An important way to create a powerful entry for a photo contest is to tell a story with your image. Creating a narrative with a photograph can be challenging since you're working with a single image rather than a sequence of images or words. The key is to suggest some sort of dynamic tension: an energy between the elements of the image that implies a relationship that has a past and a future. A photo of a smiling young girl walking through a field with her shoes in her hand and muddy feet suggests a story that the viewer's mind fills in on its own.

Creating an Image with Impact

Effectively capturing your image in terms of clarity, focus and lighting is an important part of a great photograph.

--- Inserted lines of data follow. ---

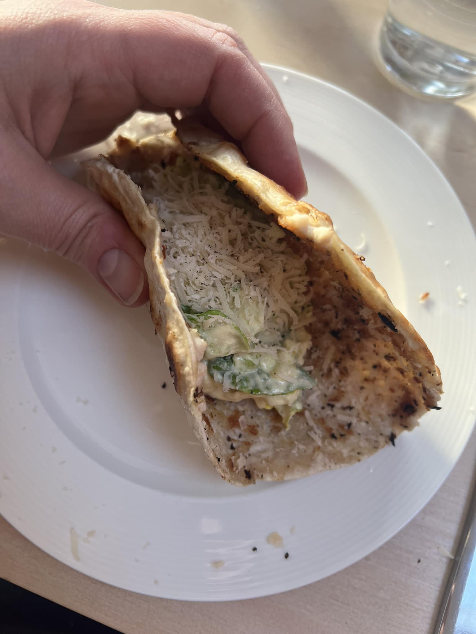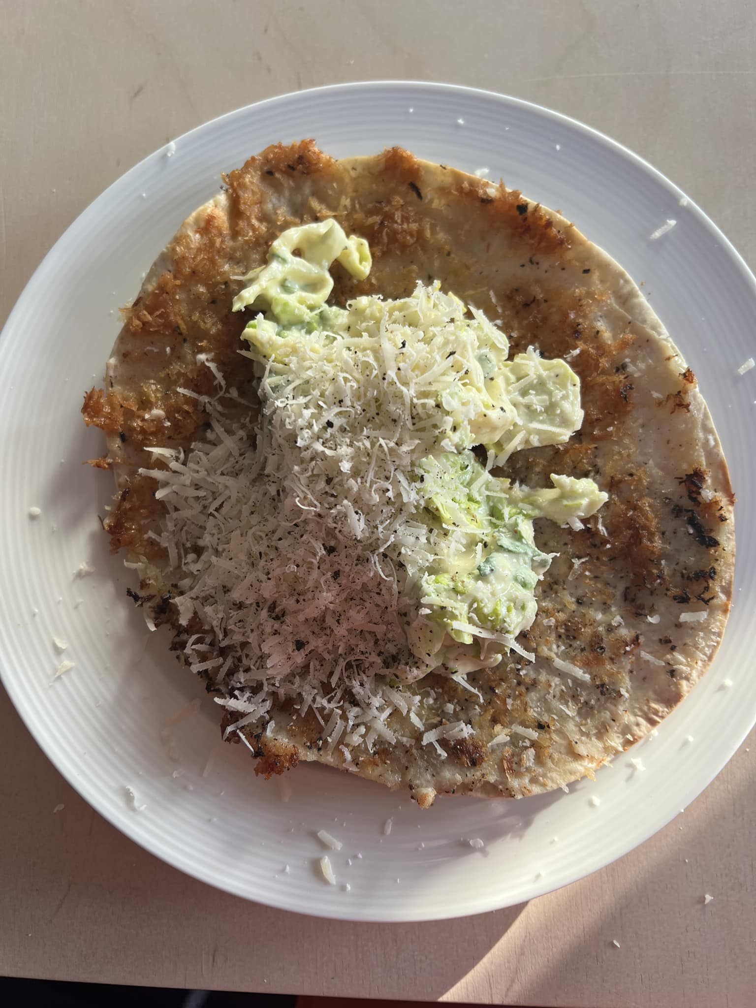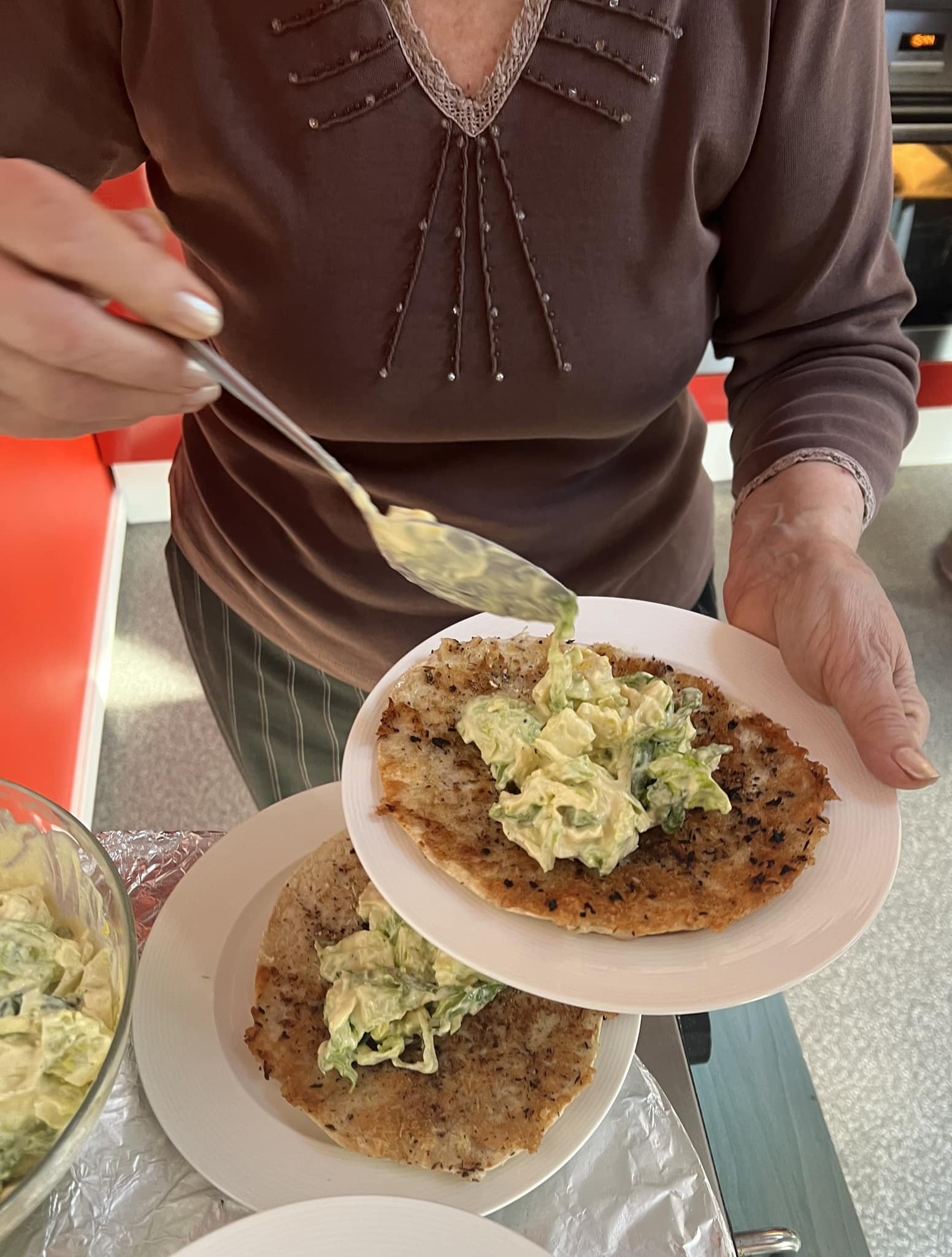 Enne serveerimist tõsta soojale tortiljale salatit ja puista peale riivitud juustu. Soovi korral nirista peale ka veidi Sriracha tšillikastet.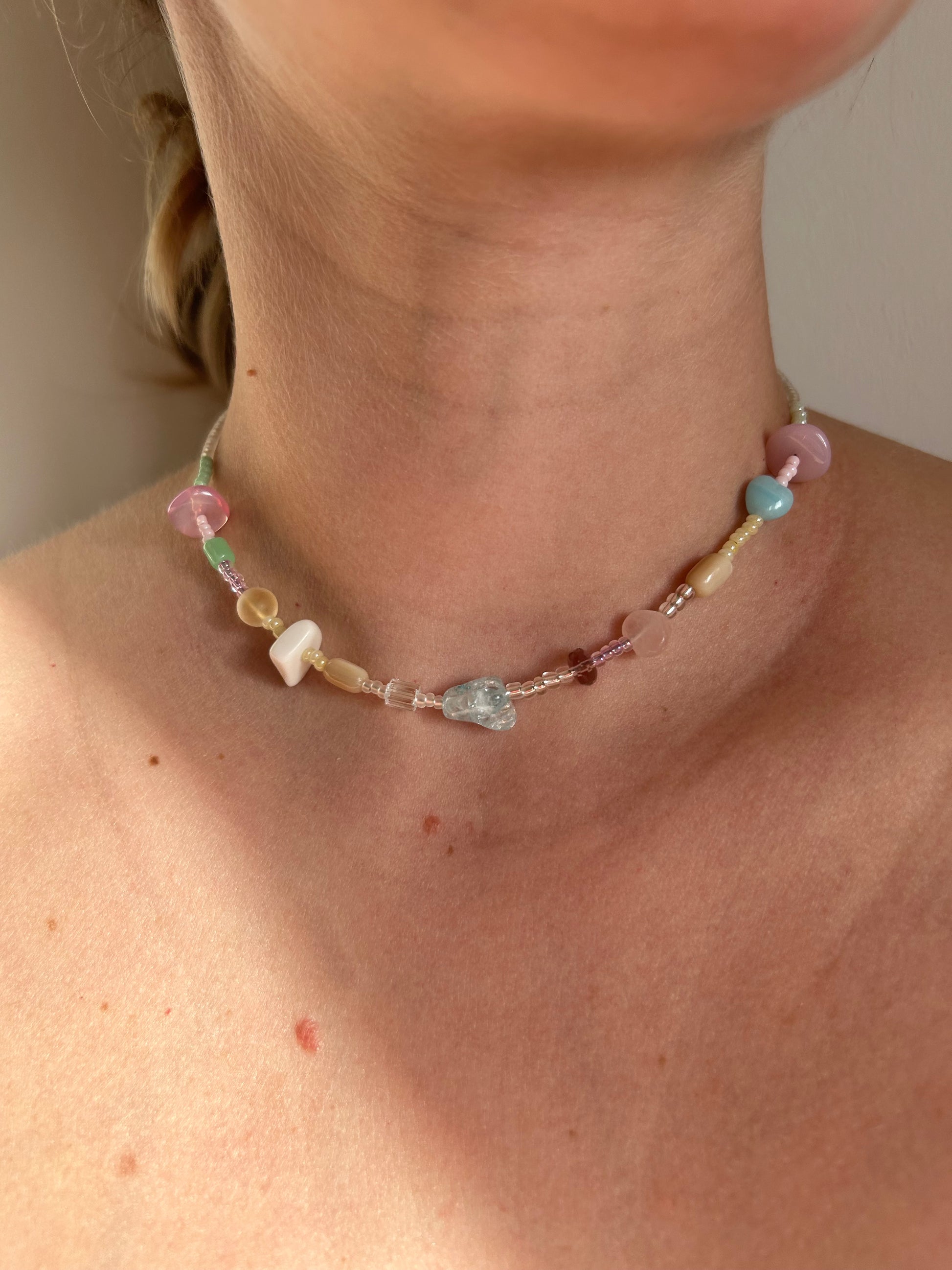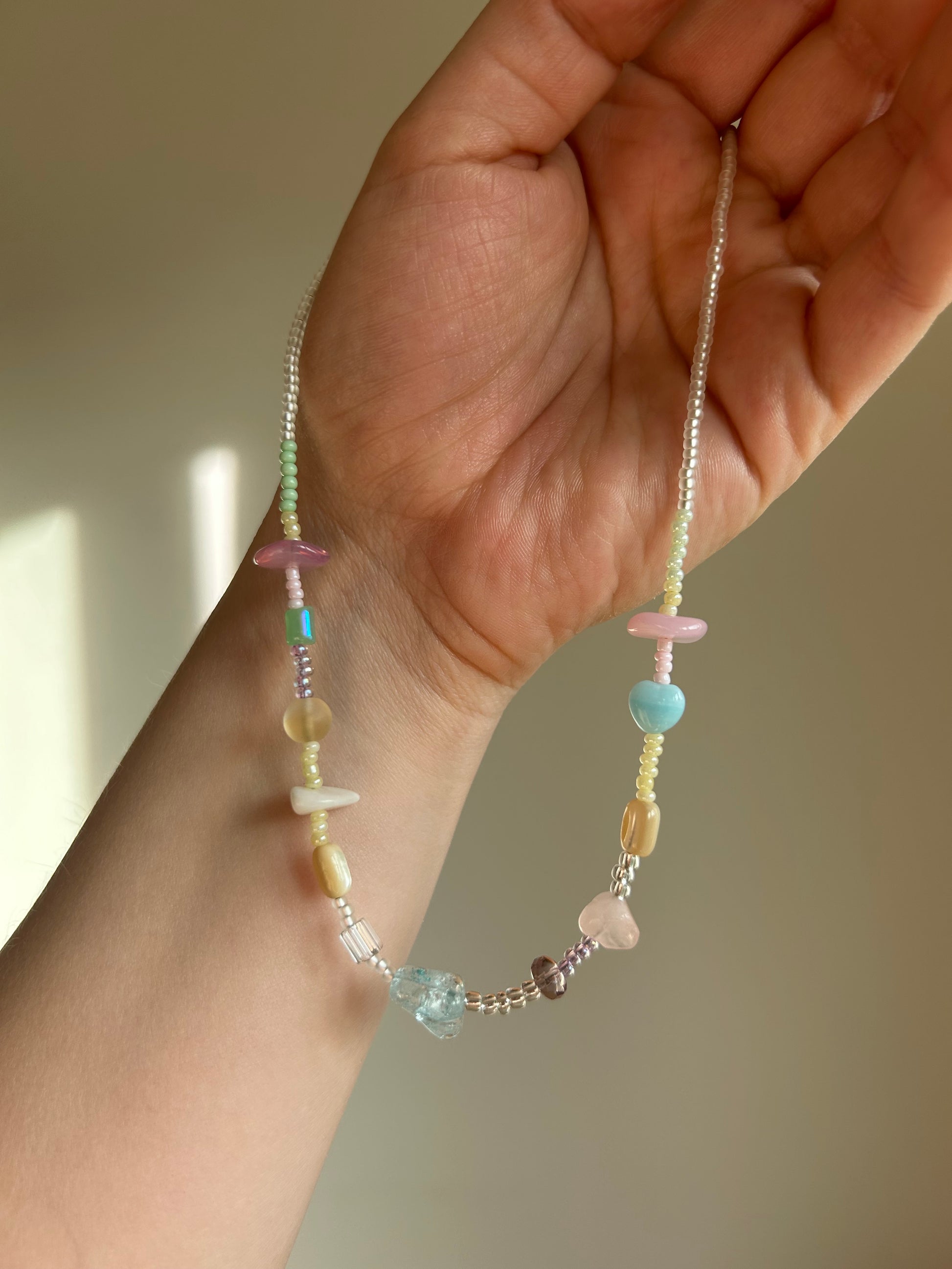 Delicate necklace combining a soft mix of pastel gemstones and high-quality Japanese glass beads. Strung on stainless steel wire with a lobster clasp. One of a kind.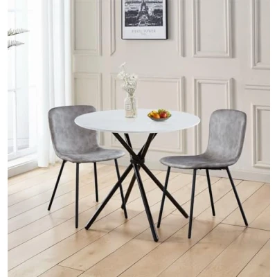 ManoManoGeneral description Infuse modern sophistication into your dining space with our expansive round table set, a harmonious marriage of style and comfort. The 90 cm round table boasts a sleek white marble effect top that exudes elegance and versatility, complemented by sturdy black metal legs for stability and contemporary charm. Accompanying this captivating centerpiece are the ergonomic chairs with leather effect, designed for both style and comfort, featuring inviting seating and wooden legs that effortlessly complement the table's sleek design. The chairs' chic grey upholstery against the white marble effect tabletop epitomizes a modern appeal that ensures a comfortable and delightful dining experience. From the chic tabletop to the inviting design of the chairs, this set offers a perfect fusion of contemporary aesthetics and comfort, creating an inviting setting for enjoyable meals and gatherings in your home. Technical specifications Table dimensions: H 75 x W 90 x D 90 cm Chair

Is your lighting appropriate to support the narrative of the photo? Bathing your focal point in shadow might be appropriate if you want to create a mysterious or frightening energy. A subject that is out of focus might be called for if you want to show that they are misunderstood or have been dehumanized. The way that you render the image should reflect the story that you want to tell.

Creating an Effective Composition

Study the rules of composition, including the rule of thirds and the golden ratio. Utilize the lines in the visual space to suggest the focal point. Ask yourself if evoking symmetry will support the narrative of your image, and how balancing the elements in the field can do the same. A small figure in the foreground that dominates the visual space over a large figure in the background suggests a relationship; does that relationship support your narrative? How can deepening the depth of field or zooming in change that story?

Choosing Your Subjects

There are many things to consider when you're choosing your subject. Should you choose a subject that is personally meaningful and powerful, a subject that is politically relevant, or has present culture significance? Has the contest itself established a subject in its guidelines? A great subject will touch on all three. How does the subject relate to the setting? Does the powerful juxtaposition of a technological artifact surrounded by an incredible image of nature create a contrast that supports the story you want to tell?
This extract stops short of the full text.